Low latency streaming ingest at scale
What does Kinesis Analytics allow you to do?
Perform real-time analytics on streams using SQL
What does Kinesis Firehose allow you to do?
Load streams into S3, Redshift, ElasticSearch & Splunk
How do Kinesis Streams work?
- Producers update data in shards/partitions
- Consumers read from partitions
What is the data retention in Kinesis Streams?
- Default is 24 hours
- Can go up to 7 days
How many applications can consume the same stream?
Multiple applications can consume the same stream
Can an application update data in a Kinesis stream?
No, the data is immutable. It is append-only and will remain until the data retention period has been reached
How are records ordered?
They are ordered per shard
What is produced to a shard?
Records and Record Keys are produced to shards
What is a record made up of?
A record is made up of a Data Blob
What is a Data Blob?
It is the data being sent in a stream, serialized as bytes up to 1MB
What is a Record Key?
It helps to group records in shards.
- Same key = dame shard
How do you avoid a “hot partition” problem?

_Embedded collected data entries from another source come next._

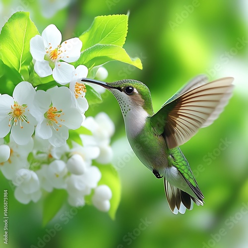 © Duit, Fototapeta premium Hummingbird in flight, feasting on spring blossoms
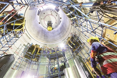 建設中的石島灣高溫氣冷堆核電站(局部)。
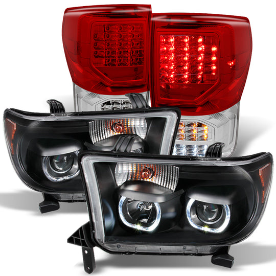 Regular price $349.99This is a 100% brand new pair of Replacement Headlights & Tail Lights with the housing: Headlights: Black Housing, Tail Lights: Red Clear And It Fits 07-13 Toyota Tundra Without Level Adjuster Model, 08-16 Toyota Sequoia...
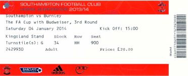 Amazing game in the rain, Southampton 2-0 up and coasting with two great goals, 2nd half, Burnley ripped them apart with two quick goals, 2-2. Then Southampton got back in control at 4-2, but they let a goal in for some extra excitement at the end, lovely ground and we had a great time on the trains getting there from Kerrys.
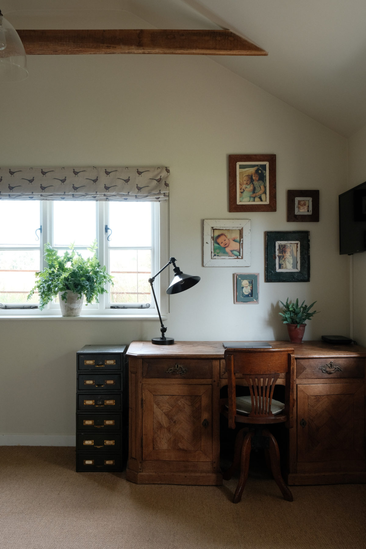 Na piętrze znajdują się dwie kolejne sypialnie z łóżkiem typu king-size, a także dwie sypialnie dla dzieci, z których jedna posiada prywatną łazienkę. Do dyspozycji domowników jest również duża rodzinna łazienka z wolnostojącą wanną i kabiną prysznicową, a także dodatkowa łazienka z prysznicem.
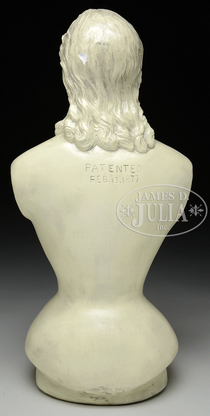 DOCTOR WARNER’S HEALTH CORSET CHALKWARE STORE DISPLAY.Figural female bust which may have originally been clad with a sample corset, is marked on the back “Patented Feb. 13, 1877”. SIZE: 19-1/2″ t. CONDITION: Very good to excellent 37437-34 (300-500) – Lot 2271 Auction: Advertising, Toy & Doll - Spring 2015 Please Note: All prices include the hammer price plus the buyer’s premium, which is paid by the buyer as part of the purchase price. The prices noted here after the auction are considered unofficial and do not become official until after the 46th day. |
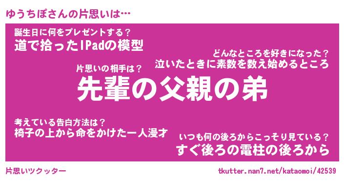 | 意味不明あだ名 | 『ペロリンゆうちぽ』『永久保存ゆうちぽ』 |
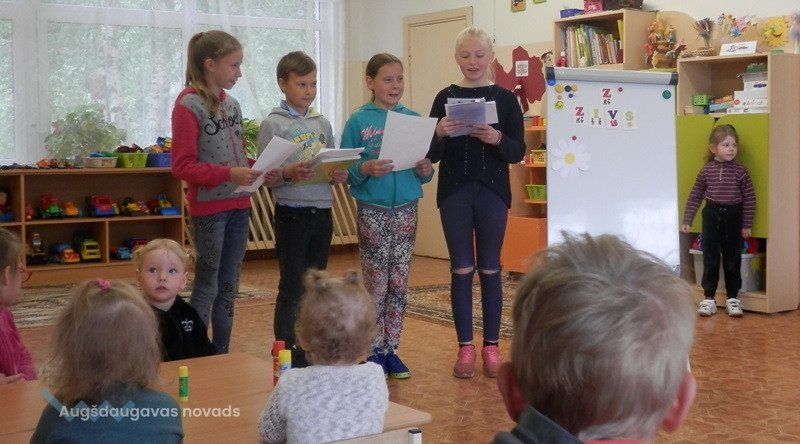 Turpinot brīvā laika animāciju GRĀMATAS CEĻŠ PIE LASĪTĀJA, jaunie bibliotekāri viesojās bērnudārzā un mazos lasītājus iepazīstināja ar jaunajām bērnu grāmatām.
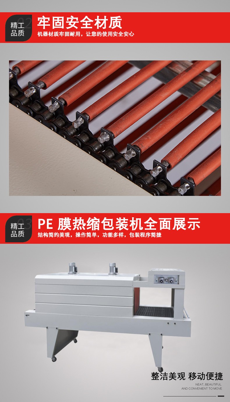 - 包裝質(zhì)量高:PE 熱收縮包裝機(jī)能夠使 PE 薄膜緊密地貼合產(chǎn)品,包裝后的產(chǎn)品外觀整潔、美觀,沒有褶皺。由于 PE 薄膜本身具有良好的柔韌性和透明度,包裝后的產(chǎn)品可以清晰地展示其形狀和外觀,同時(shí)也能有效地防止灰塵、水分等進(jìn)入產(chǎn)品,起到很好的保護(hù)作用。
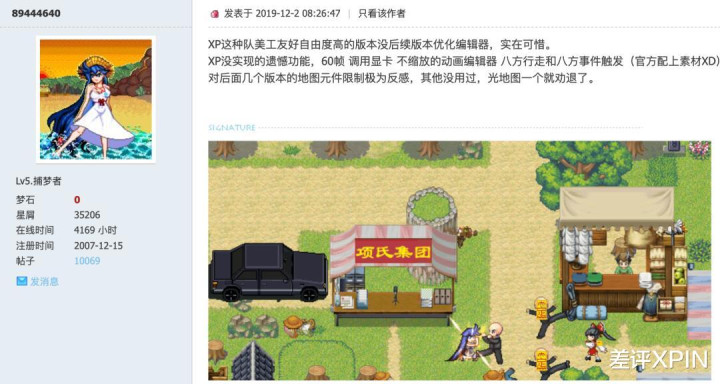 像是有东谈主在 2019 年发帖说,2004 年的 RPG Maker XP 对好意思工友好目田度高,后边几个版块对舆图元件适度让他很不爽,是以根本无谓。
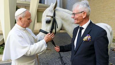 Papież Leon XIV otrzymał w darze białego konia. Proton, czystej krwi arab, to wyjątkowa niespodzianka, jaką Ojcu Świętemu sprawił Andrzej Michalski, właściciel i założyciel stadniny koni w Kołobrzegu-Budzistowie

Use a highly distributed record key
What is a Sequence Number?
It is the unique id given to the record by Kinesis
How many MBs per second can a producer write per shard?
1MB per second
How many messages per second can a producer write per shard?
1000 messages per second
What happens if I go over the 1MB/s limit or the 1000 messages/s limit?

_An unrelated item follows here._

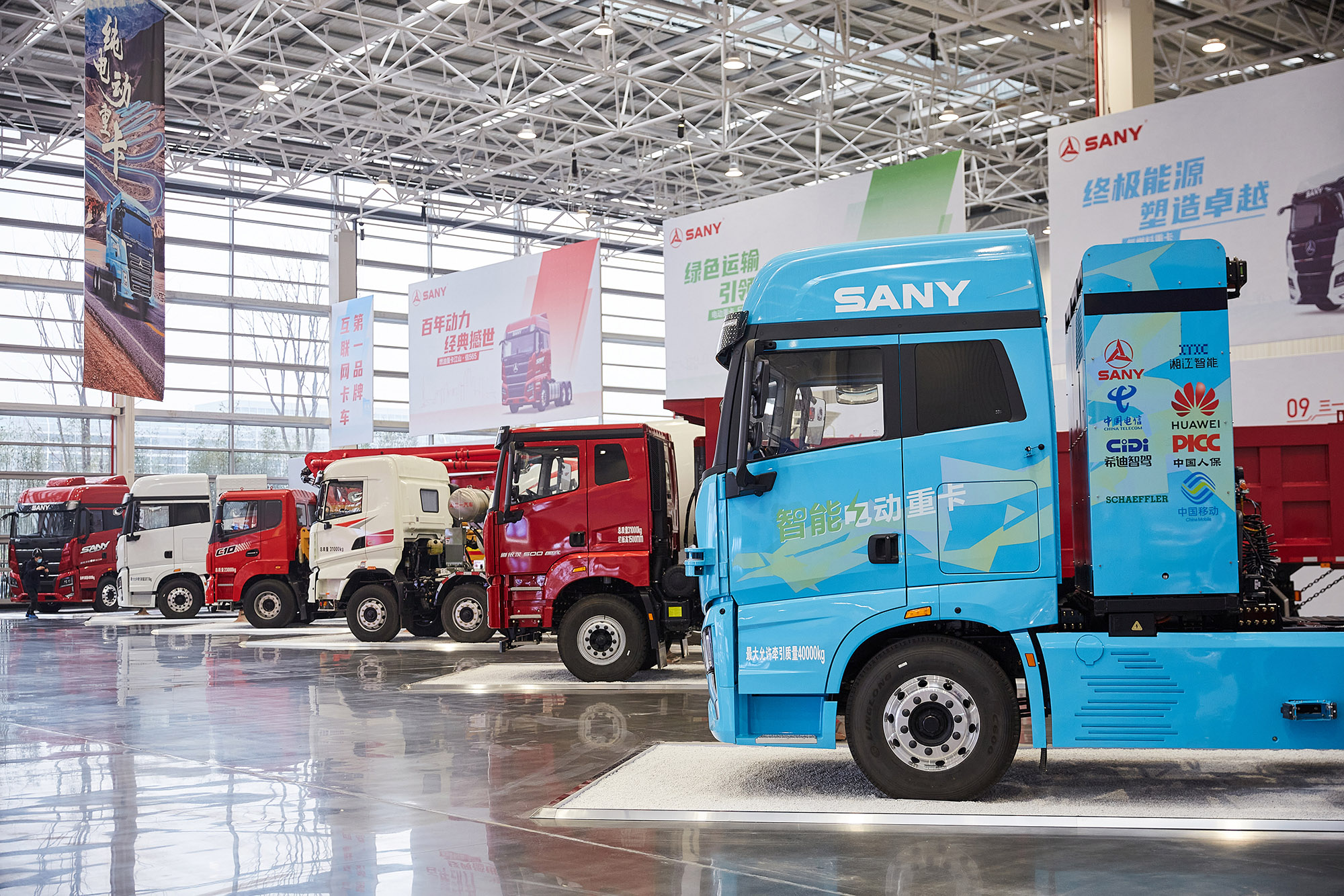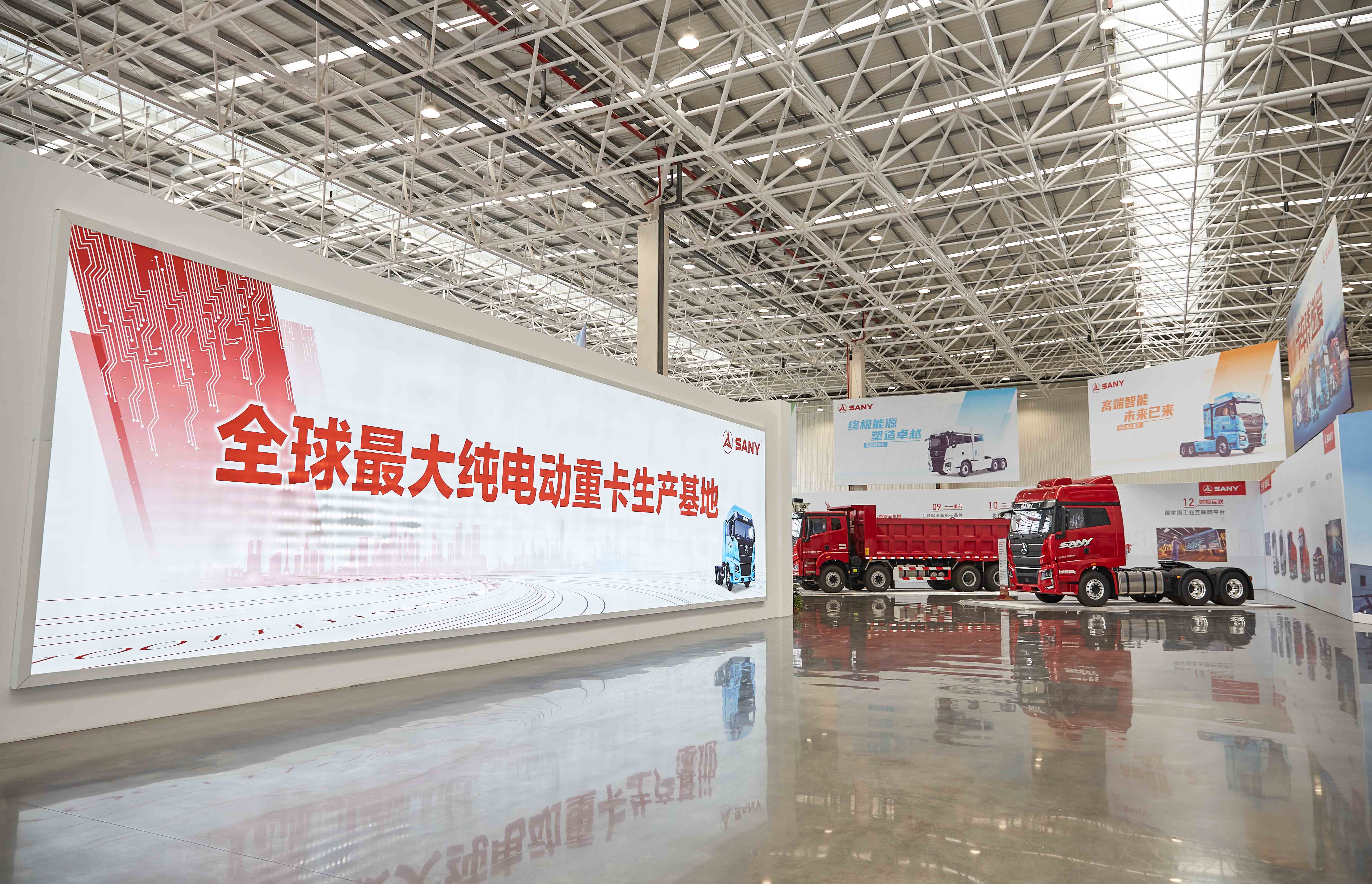 好体育投注官网智联重卡产业园包括展厅和工厂两个主要模块。
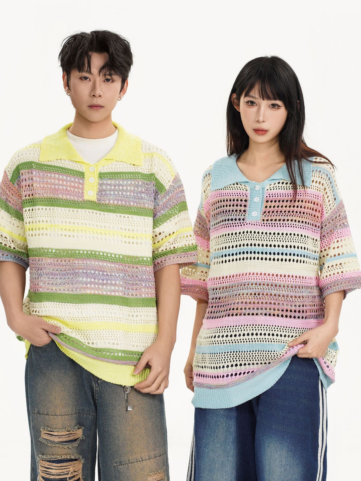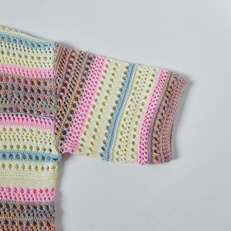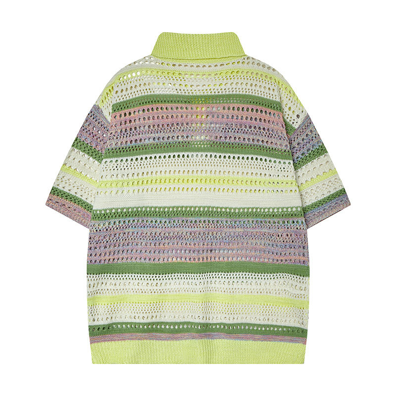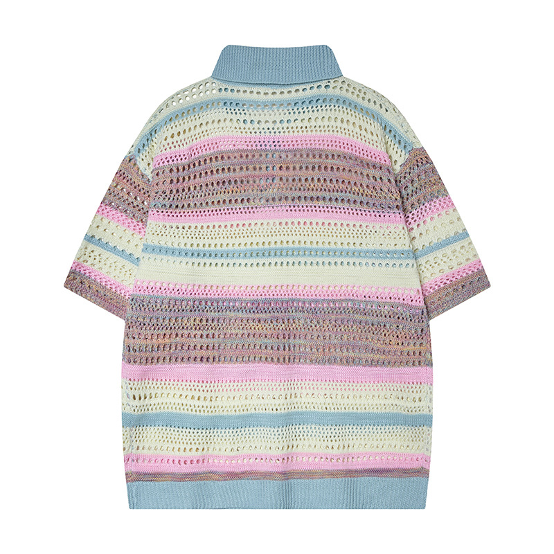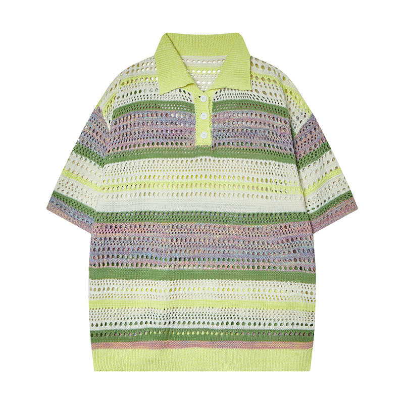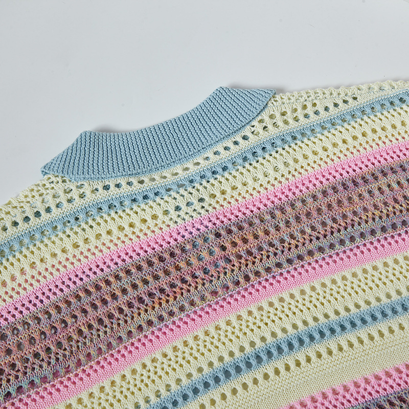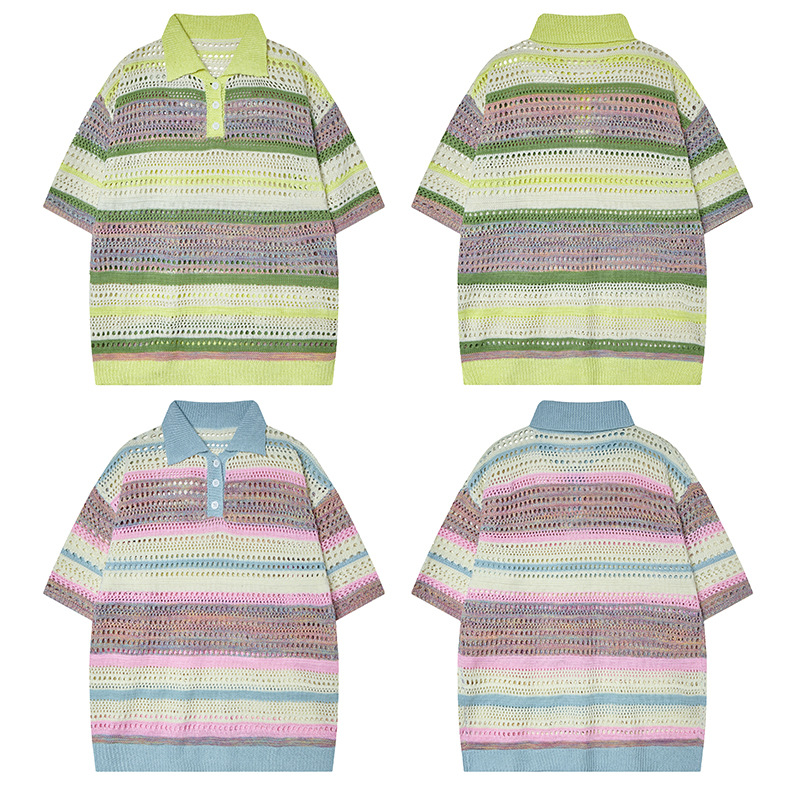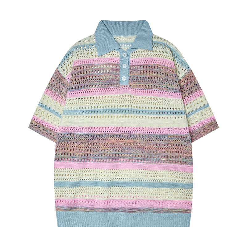 Retro Striped Gradient Floral Summer Hollow-out Shirt Unisex Couple Ins Versatile Loose Casual Top

I get the “ProvisionedThroughoutException”
What is the read data limit per shard for Classic Consumers?
2MBs per second across all consumers
What is the API call limit per shard for Classic Consumers?
5 API calls per second per shard across all consumers
What is the read data limit per shard for Enhanced Fan-Out Consumers?
2MBs per second, per shard, per Enhanced Consumer
What is the API call limit per shard for Enhanced Fan-Out Consumers?
It is a push model, no API calls needed
What is the default Data Retention for Kinesis Streams?
24 hours
What can the Data Retention for Kinesis Streams be extended to?
7 days